Циничными сотрудники скорой становятся быстро, но это нормально. Иначе бы мы сами превратились в пациентов — как минимум психоневрологического диспансера. Бывает, на месте ситуация кажется тебе очень тяжелой, а вечером ты уже рассказываешь о ней коллегам со смехом. Юмор у нас специфический, понимают только свои. Ну да, шутим на тему смерти, о зарплатах, о больных.

Смеемся над самолечением. Люди мажутся сажей, выводят токсины уксусом. Была у нас бабушка, практиковала уринотерапию. Натурально принимала урину на завтрак, обед и ужин. И довела себя до такого состояния, что у нее пошло закисление крови — нарушения во всех системах организма. Но даже тогда она была убеждена, что все делает правильно, а мы вредители в белых халатах.

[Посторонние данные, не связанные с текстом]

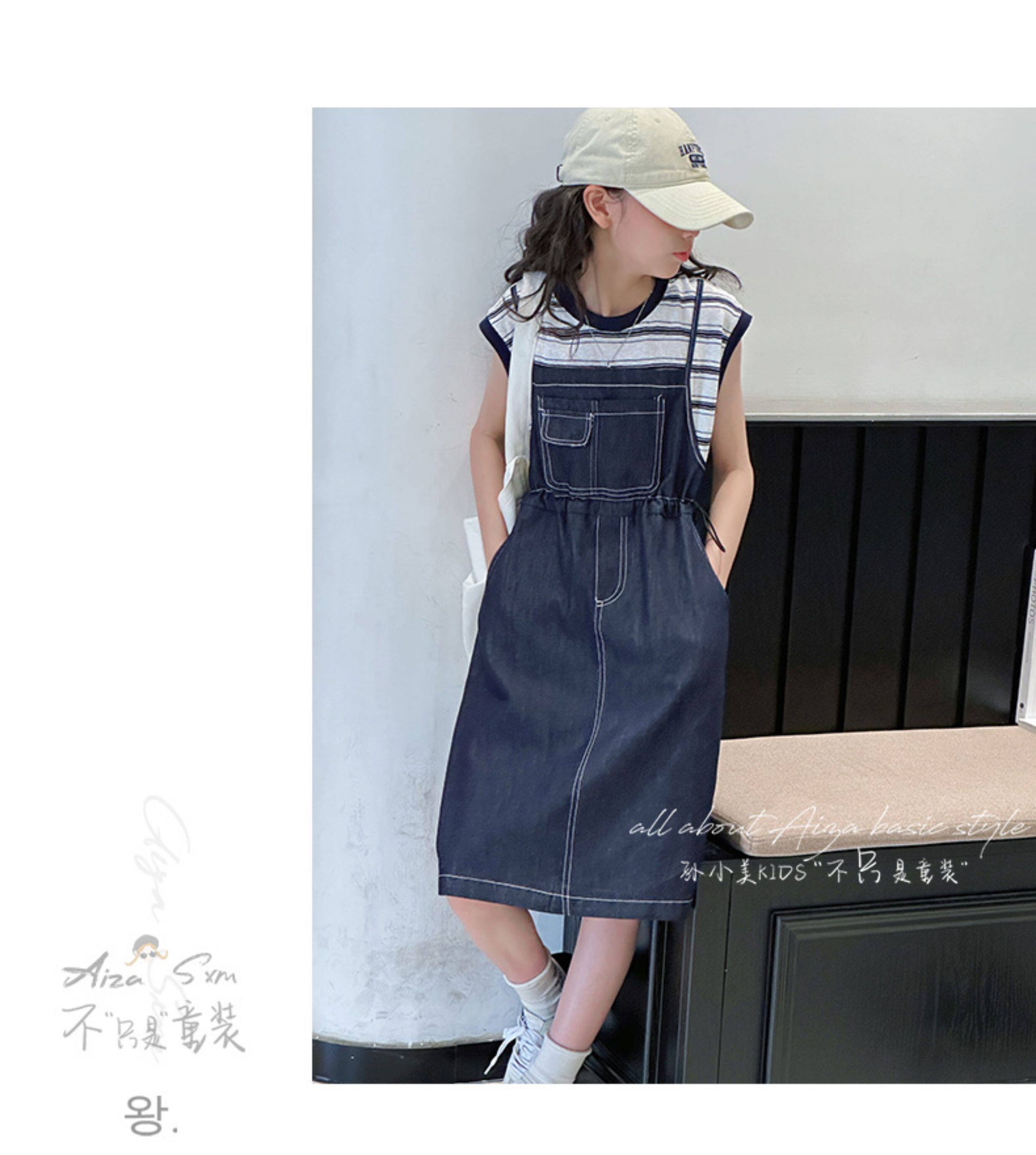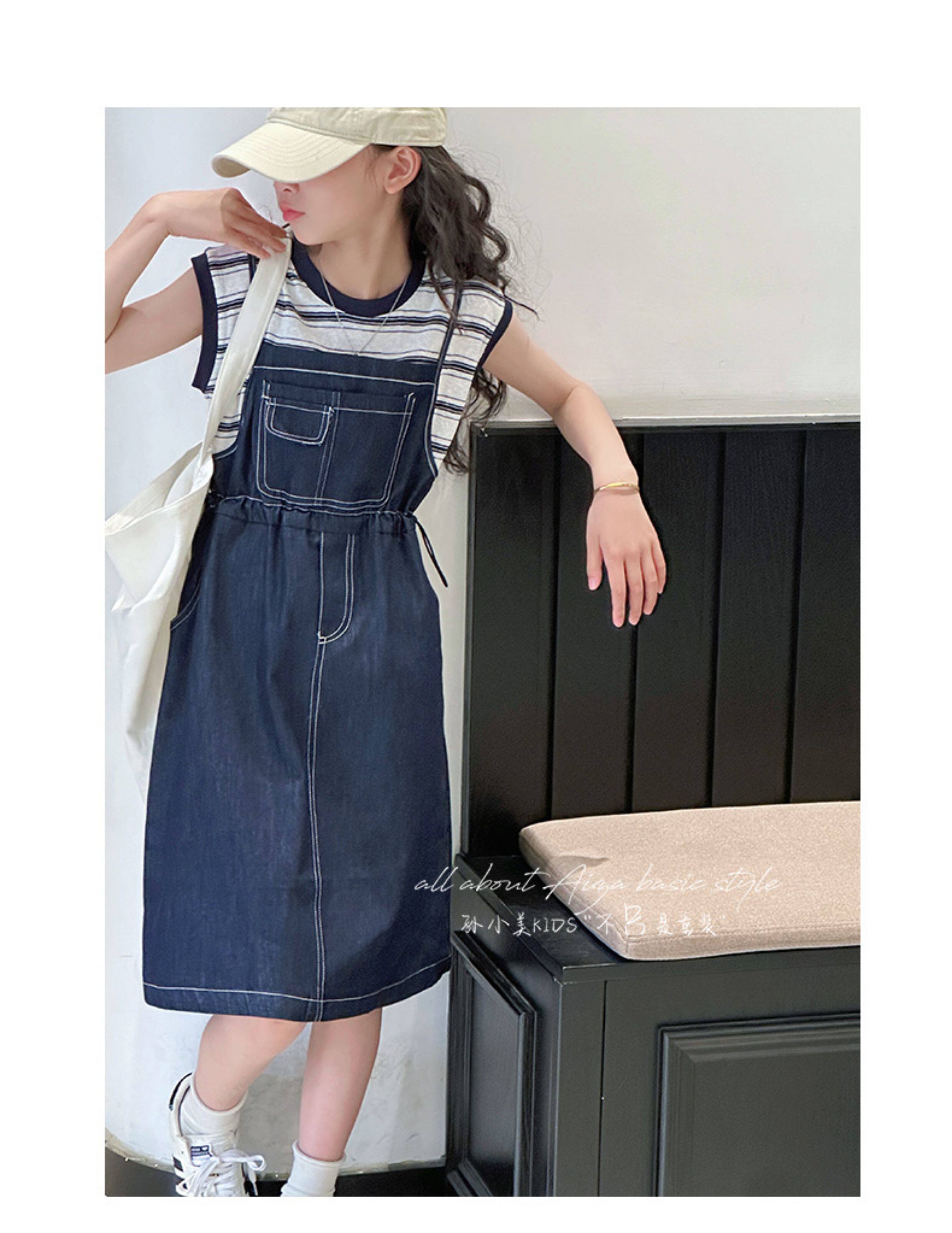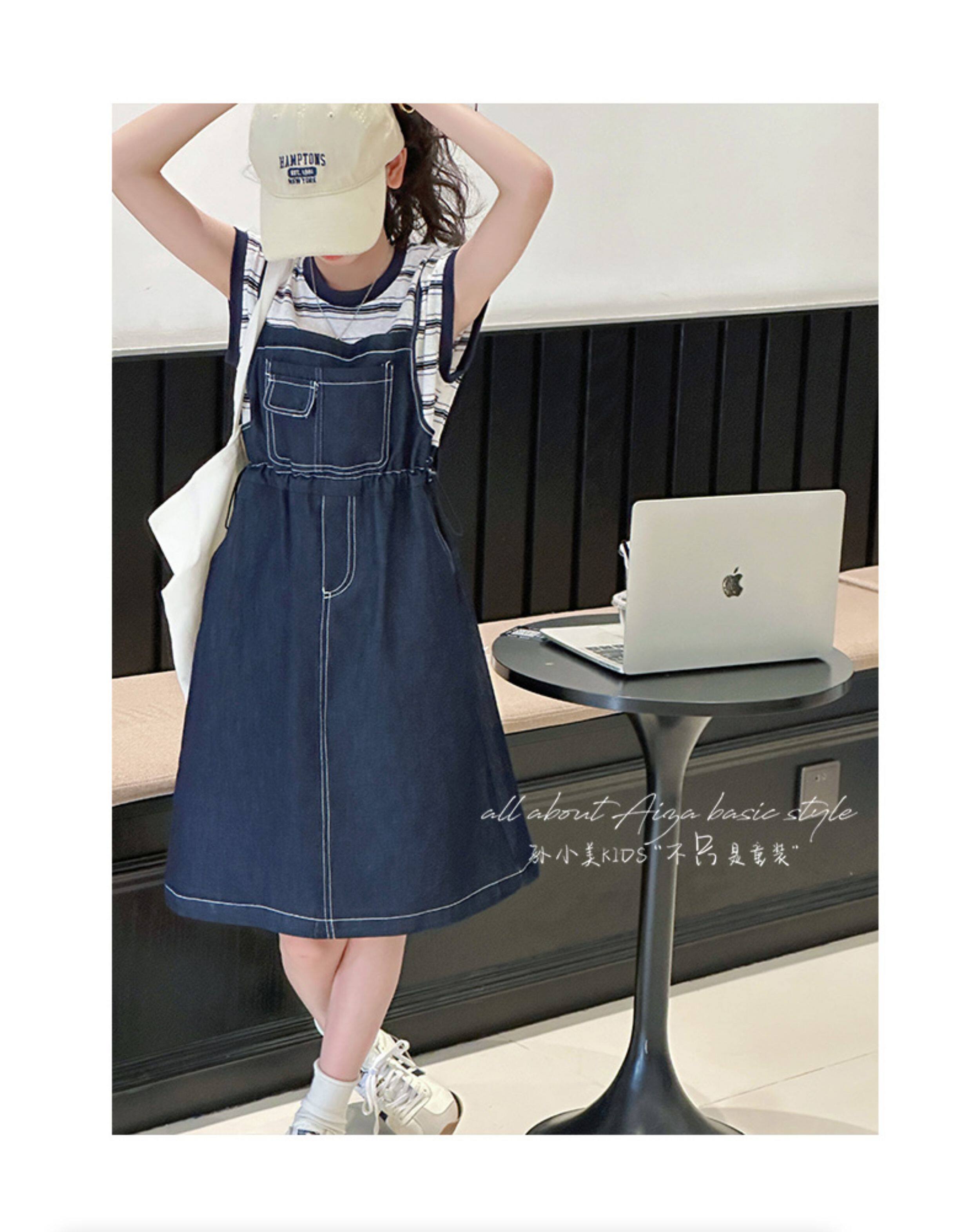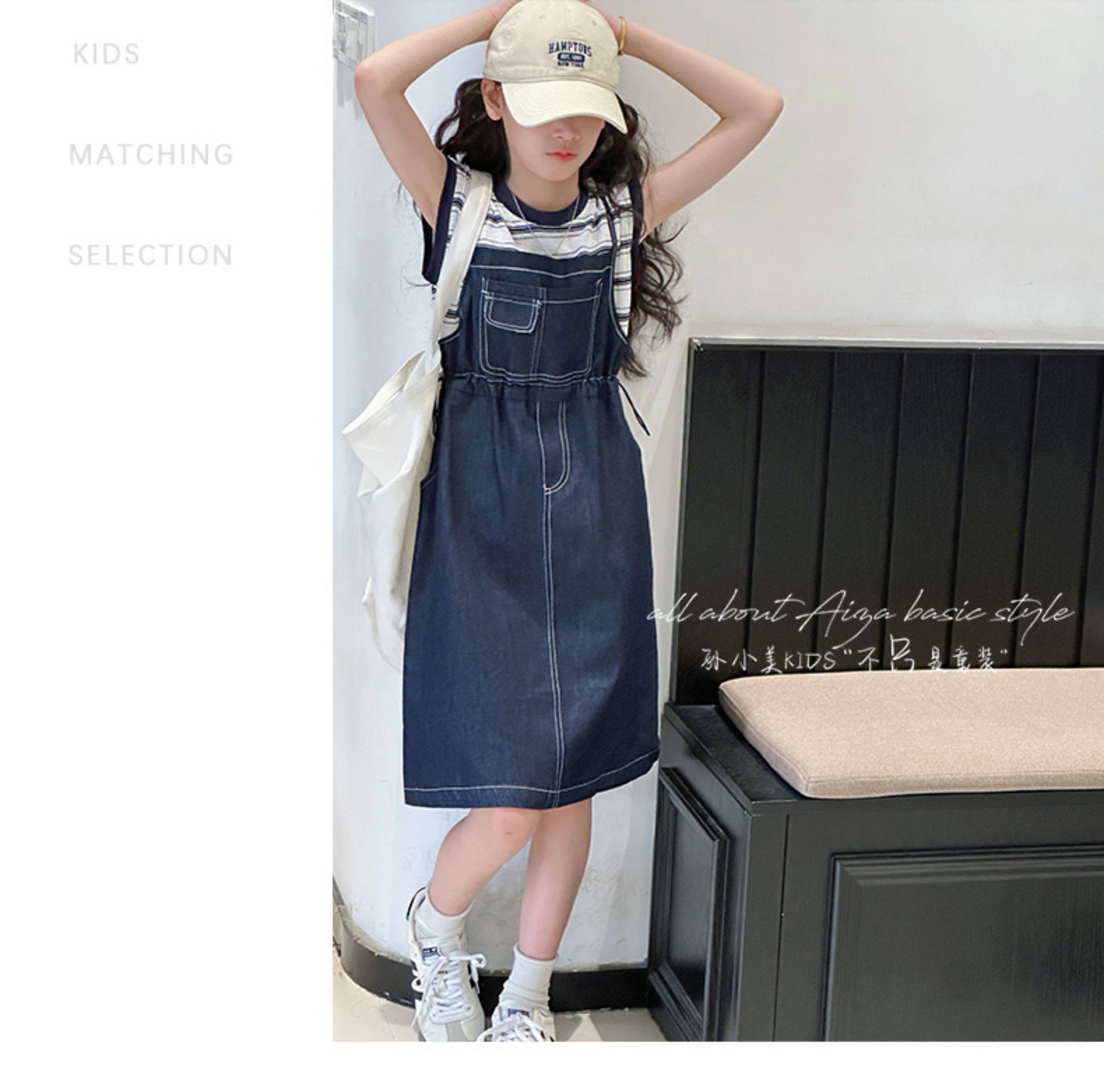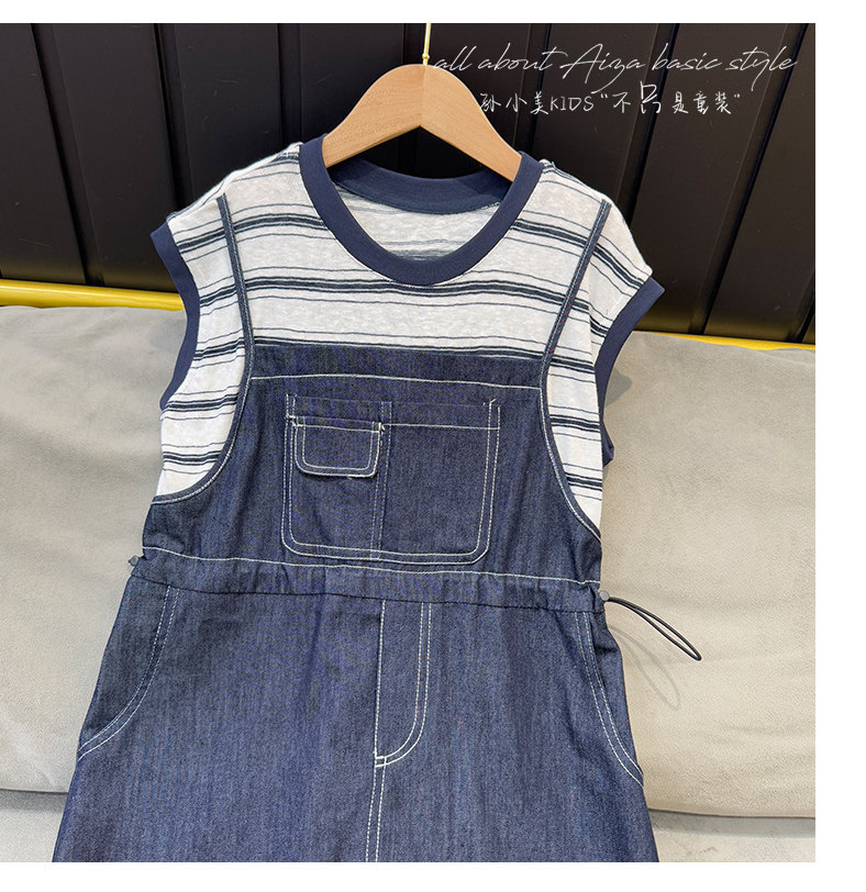 孫小美kids 假兩件女童牛仔連衣裙2025新款夏裝兒童無袖裙子時髦

Есть категория пациентов, которые звонят в скорую от одиночества или от скуки. В нашем районе несколько таких старушек. Одна постоянно требует сделать ей укол: настаивает, что у нее сердечная патология, и не отстает, пока она этот укол не получит. Если я ей откажу, уеду, она вызовет скорую снова. Ну, что делать, колю успокоительное или гипотензивное (оказываю так называемую симптоматическую помощь), а подаю его как серьезное лекарство, предупреждаю, что после инъекции два часа никаких нагрузок и переживаний — «выключайте телевизор, вам нельзя про Украину и детектор лжи». А она мне: «Вы сделали укол — и сразу стало легче, вы настоящий доктор». Она рада, и я рад.

Александр Яценко в роли врача скорой помощи, к/ф «Аритмия», реж. Борис Хлебников.
Александр Яценко в роли врача скорой помощи, к/ф «Аритмия», реж. Борис Хлебников.

Часто вызывают на сердечный приступ. Ты залетаешь в подъезд, лифт не работает, поднимаешься на девятый этаж, а там в окружении родственников сидит пациентка и говорит: «Я ждала вас, доктор, подготовилась, записывайте. В 1979 году я пришла работать на завод. Меня поставили вначале рядовой работницей, потом начальником смены. И вот однажды, когда я шла по коридору, у меня в первый раз кольнуло сердце, и уже тогда я подумала, что со мной что-то не так...» Потом она будет рассказывать о том, как было хорошо, когда Ростов был зеленый, а продукты — настоящими. Пытаешься объяснить, что другие пациенты тоже ждут, и нужно уже перейти к жалобам сегодняшнего дня, но так быстро это никогда не случается.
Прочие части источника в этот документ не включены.